Information Block Start

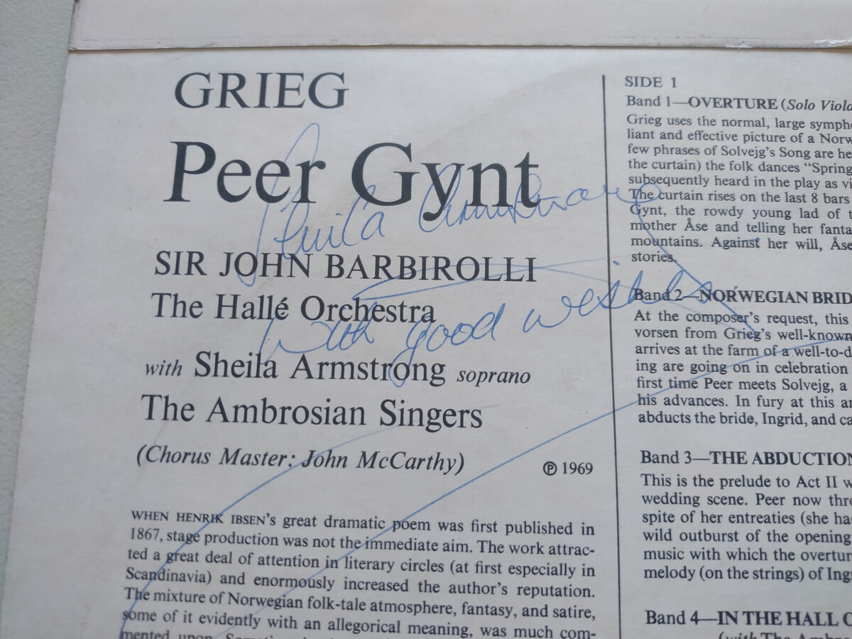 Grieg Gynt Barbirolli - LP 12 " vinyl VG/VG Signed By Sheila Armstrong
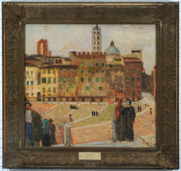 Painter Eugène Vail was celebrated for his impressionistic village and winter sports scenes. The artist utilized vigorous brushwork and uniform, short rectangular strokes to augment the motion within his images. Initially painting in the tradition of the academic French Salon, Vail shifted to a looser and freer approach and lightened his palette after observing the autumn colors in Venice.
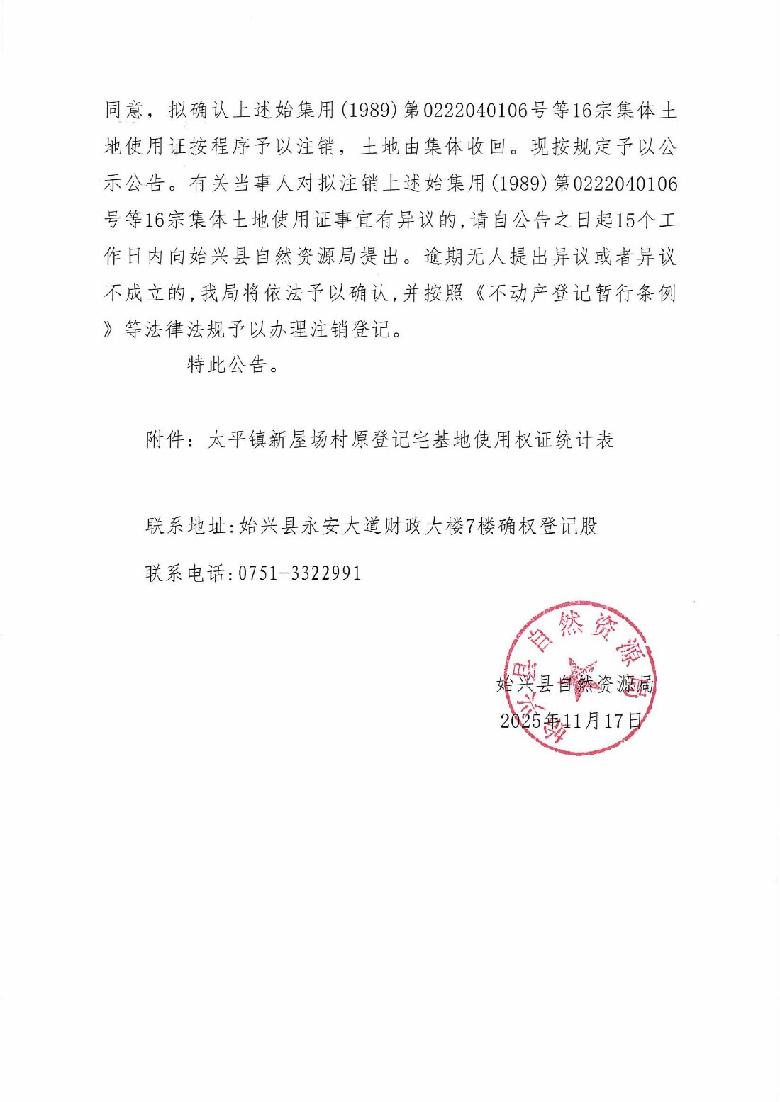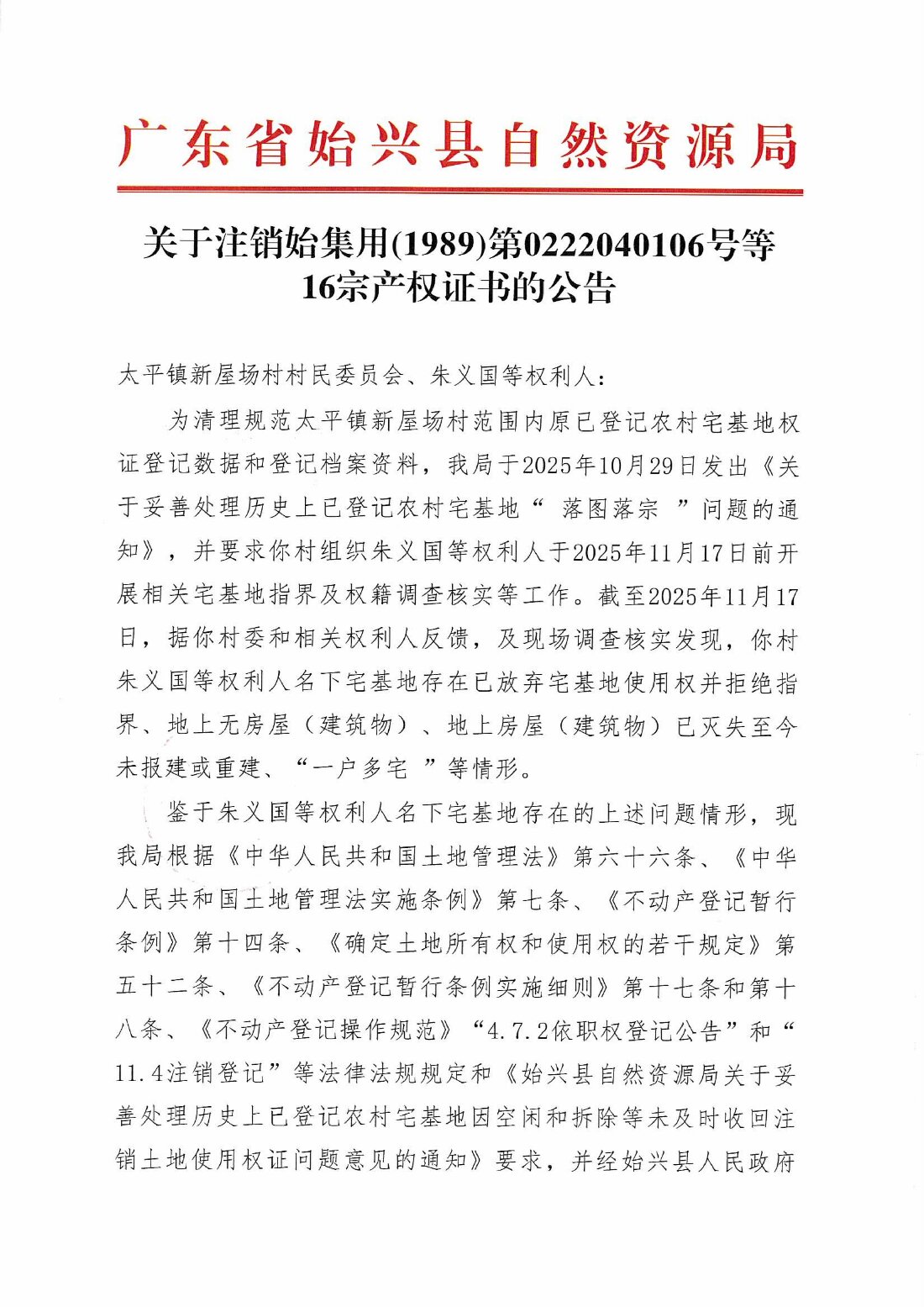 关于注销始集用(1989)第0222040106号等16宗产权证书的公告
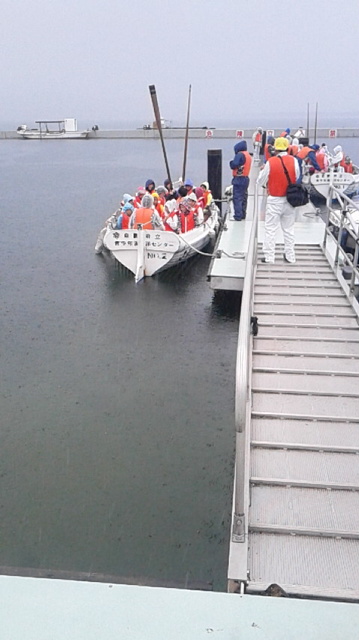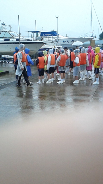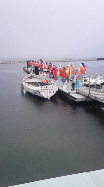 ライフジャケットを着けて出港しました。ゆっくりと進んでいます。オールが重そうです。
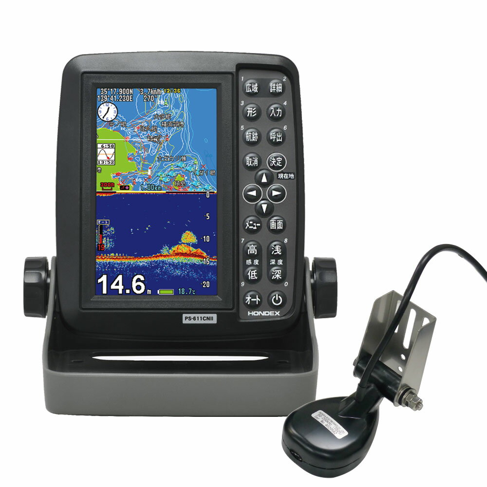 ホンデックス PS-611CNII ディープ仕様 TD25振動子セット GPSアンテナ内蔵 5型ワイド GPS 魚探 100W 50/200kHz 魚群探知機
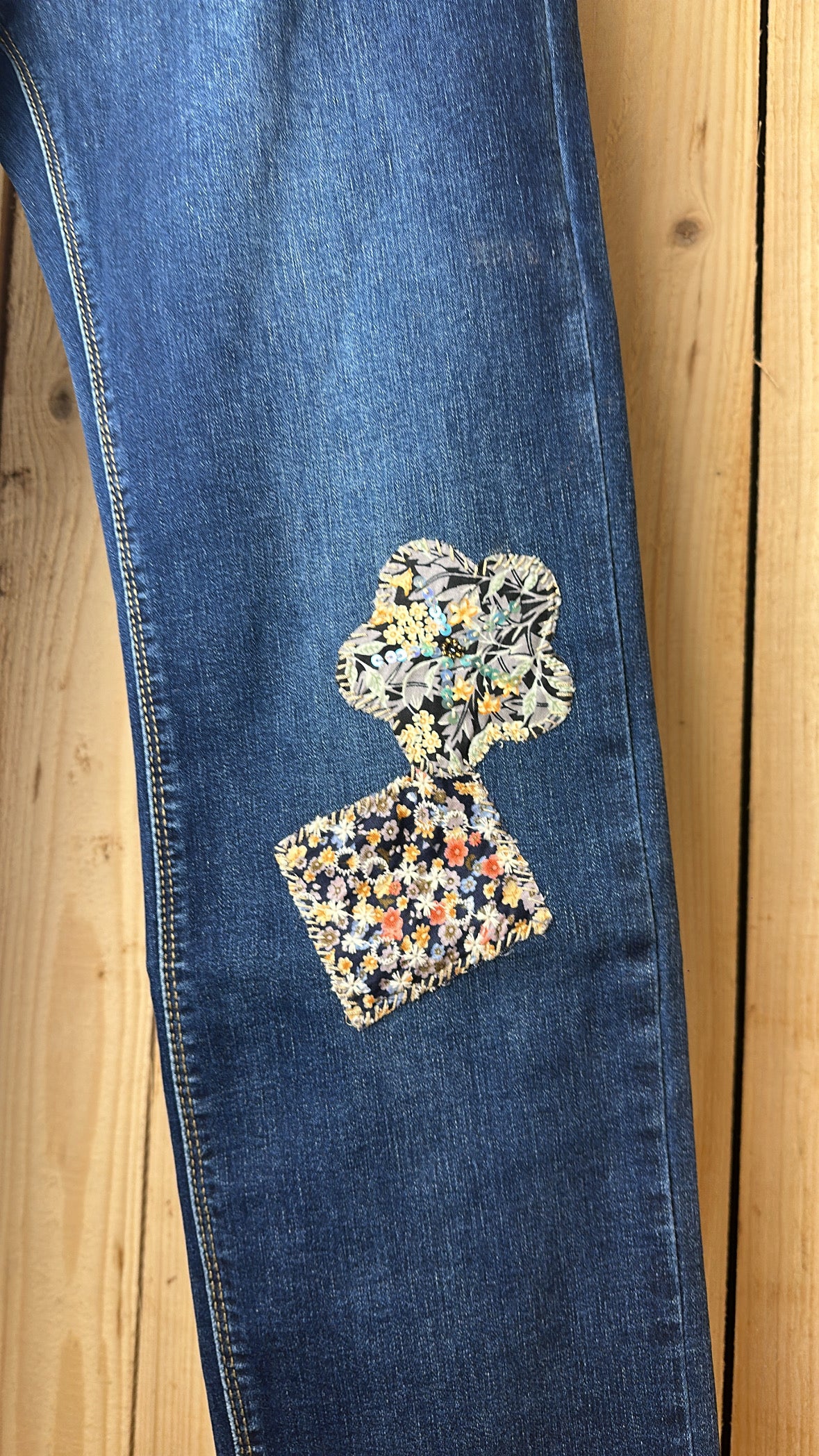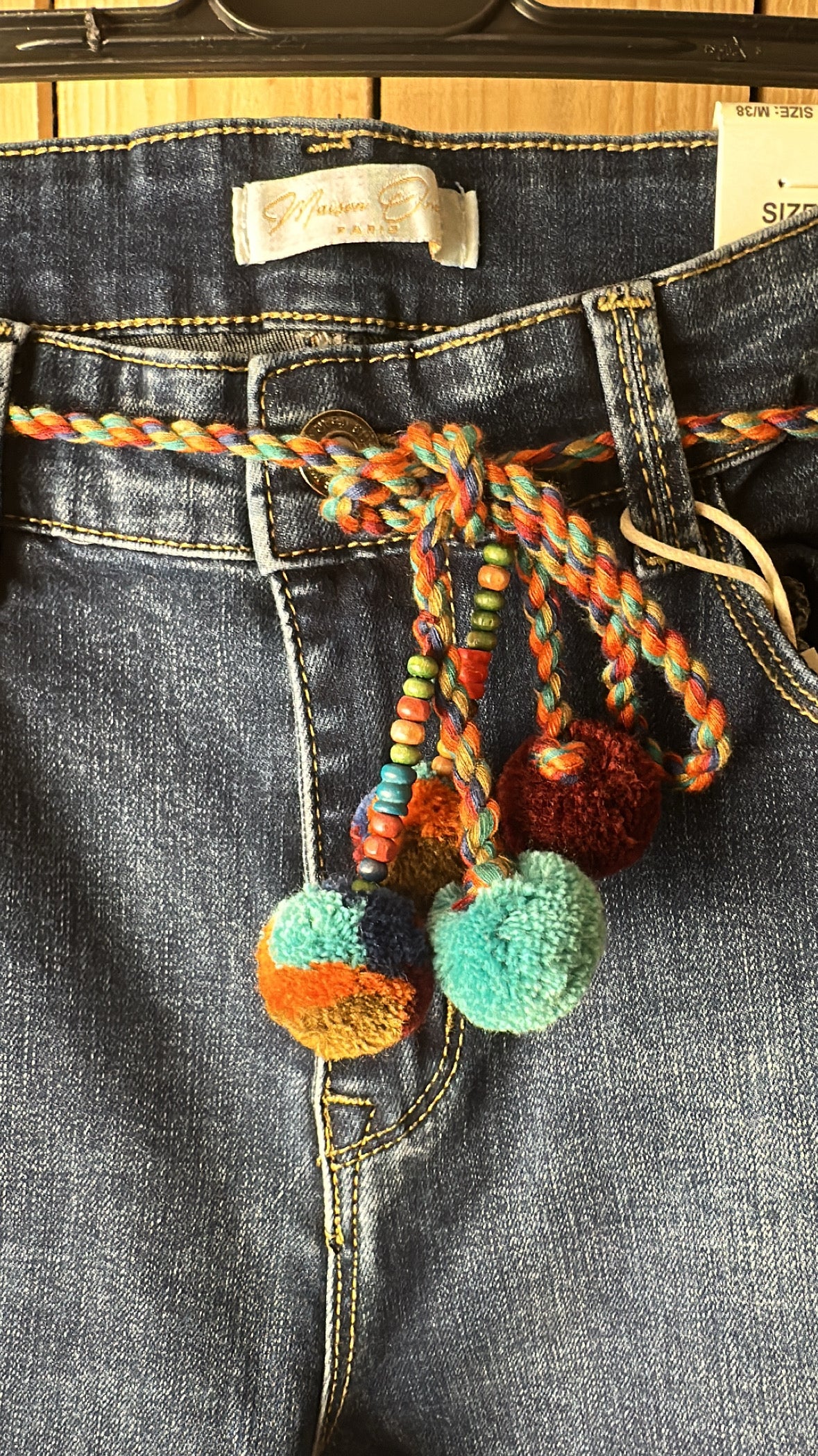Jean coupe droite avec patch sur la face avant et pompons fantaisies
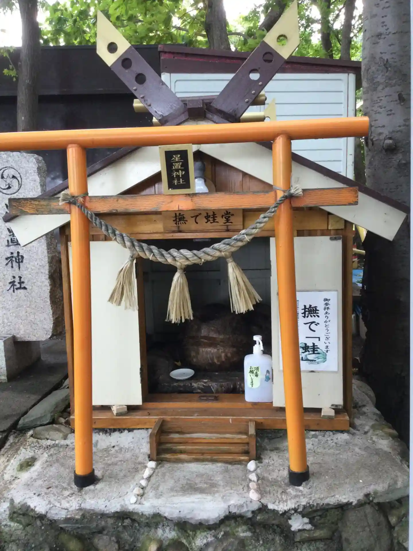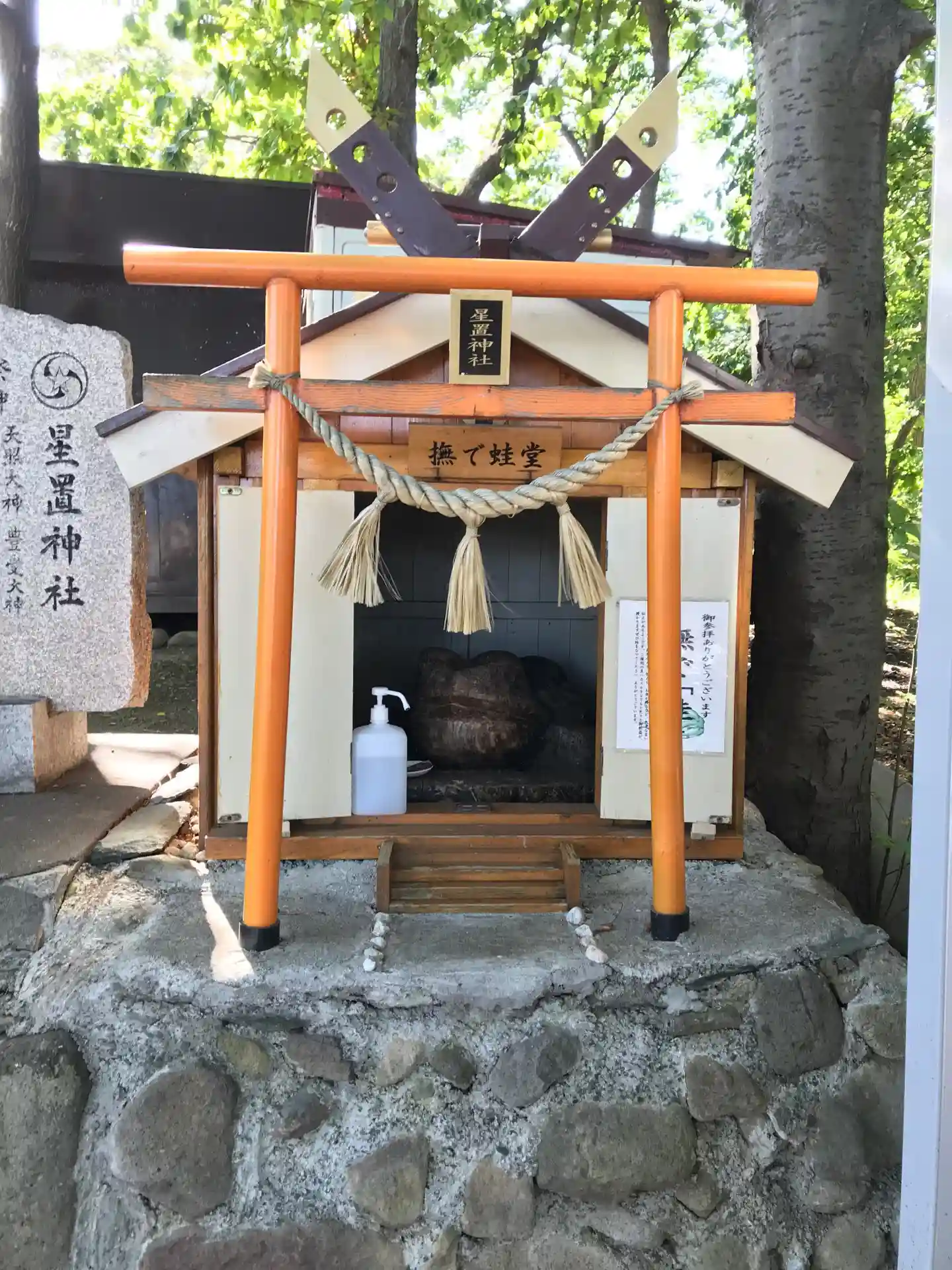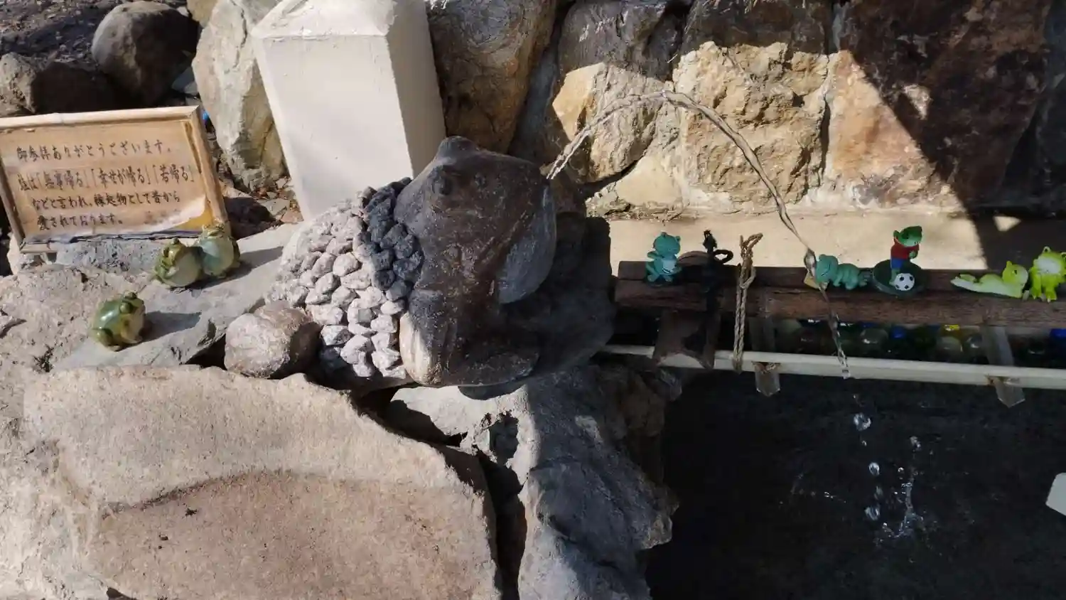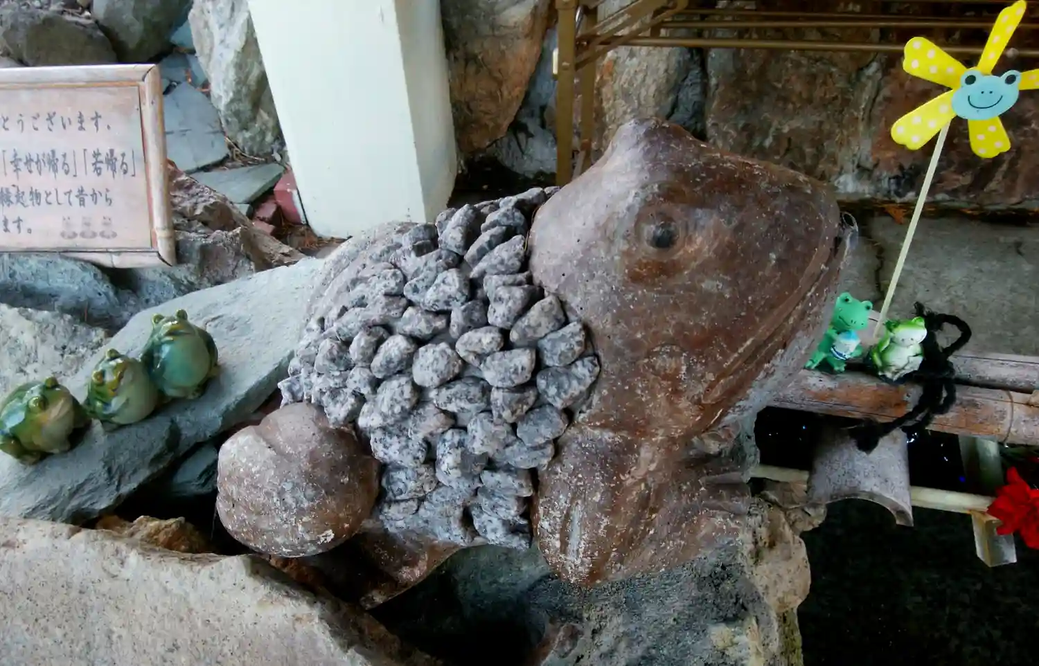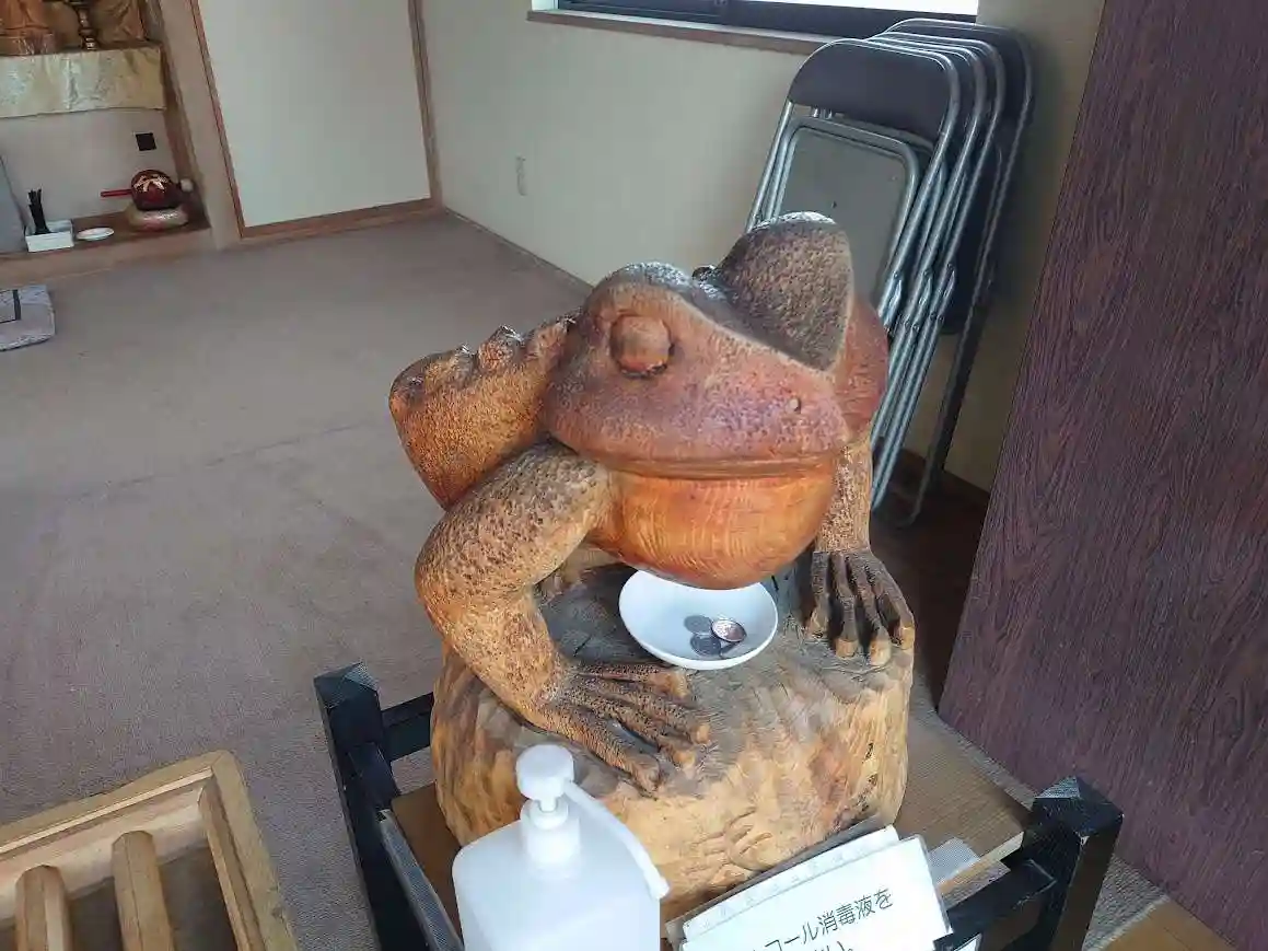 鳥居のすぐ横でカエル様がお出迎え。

Information Block End

§ **Task details**
A word-for-word copy is needed, starting at the first line of the listing and ending with the line bearing "关于注销始集用(1989)第0222040106号等16宗产权证书的公告". No pictures.

§ **Response below**
 Grieg Gynt Barbirolli - LP 12 " vinyl VG/VG Signed By Sheila Armstrong
 Painter Eugène Vail was celebrated for his impressionistic village and winter sports scenes. The artist utilized vigorous brushwork and uniform, short rectangular strokes to augment the motion within his images. Initially painting in the tradition of the academic French Salon, Vail shifted to a looser and freer approach and lightened his palette after observing the autumn colors in Venice.
 关于注销始集用(1989)第0222040106号等16宗产权证书的公告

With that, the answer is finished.